Because humans also make stupid random mistakes, and if your test suite and defensive practices don't catch it, the only difference is the rate of errors.
It may be that you've done the risk management, and deemed the risk acceptable (accepting the risk, in risk management terms) with human developers and that vibecoding changes the maths.
But that is still an admission that your test suite has gaping holes. If that's been allowed to happen consciously, recorded in your risk register, and you all understand the consequences, that can be entirely fine.
But the problem then isn't reflecting a problem with vibe coding, but a risk management choice you made to paper over test suite holes with an assumed level of human dilligence.
If the failure mode is invisible, that is a huge risk with human developers too.
Where vibecoding is a risk, it generally is a risk because it exposes a systemic risk that was always there but has so far been successfully hidden, and reveals failing risk management.
i agree, and its strange that this failure mode continually gets lumped onto AI. The whole point of longer term software engineering was to make it so that the context within a particular persons head should not impact the ability of a new employee to contribute to a codebase. turns out everything we do to make sure that is the case for a human also works for an agent.
As far as i can tell, the only reason AI agents currently fail is because they dont have access to the undocumented context inside of peoples heads and if we can just properly put that in text somehwere there will be no problems.
Even if the models stopped getting better today, we'd still see many years of improvements from improving harnesses and understanding of how to use them. Most people just talk to their agent, and don't e.g. use sub-agents to make the agent iterate and cross-check outcomes for example. Most people who use AI would see a drastic improvement in outcomes just by experimenting with the "/agents" command in Claude Code (and equivalent elsewhere). Much more so with a well thought out agent framework.
A simple plan -> task breakdown + test plan -> execute -> review -> revise (w/optional loops) pipeline of agents will drastically cut down on the amount of manual intervention needed, but most people jump straight to the execute step, and do that step manually, task by task while babysitting their agent.
This is definitely the case. I have a project that while not wildly profitable yet, is producing real revenue, but that I will not give details of because the moat is so small. The main moat is that I know the potential is real, and hopefully not enough other people do, yet. I know it will disappear quickly, so I'm trying to make what I can of it while it's there. I may talk about it once the opportunity is gone.

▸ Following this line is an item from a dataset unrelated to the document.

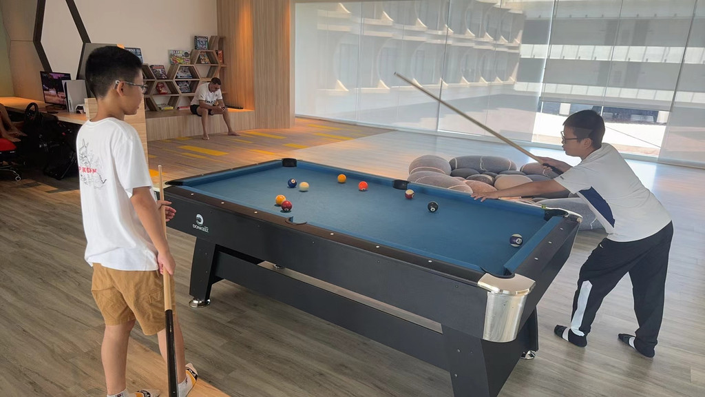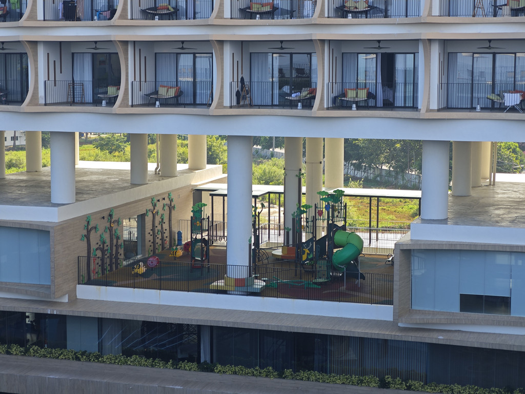 有专门的酒店服务人员管理的,里面有游戏机、乒乓台、绘本阅读的地方。旁边有室外但遮阳的儿童滑滑梯等等,也可以玩很久,还不晒。

It involves a whole raft of complex agents + code they've written, but that code and the agents were written by AI over a very short span of time. And as much as I'd like to stroke my own ego and assume it's one of a kind, realistically if I can do it, someone else can too.
Because very few knows how to use AI. I teach AI courses on the side. I've done auditing supervised fine tuning and RLHF projects for a major provider. From seeing real prompts, many specifically from people who work with agents every day, people do not yet have the faintest clue how to productively prompt AI. A lot of people prompt them in ways that are barely coherent.
Even if models stopped improving today, it'd take years before we see the full effects of people slowly gaining the skills needed to leverage them.
You'd be surprised how low the bar is. What I'm seeing is down to the level of people not writing complete sentences.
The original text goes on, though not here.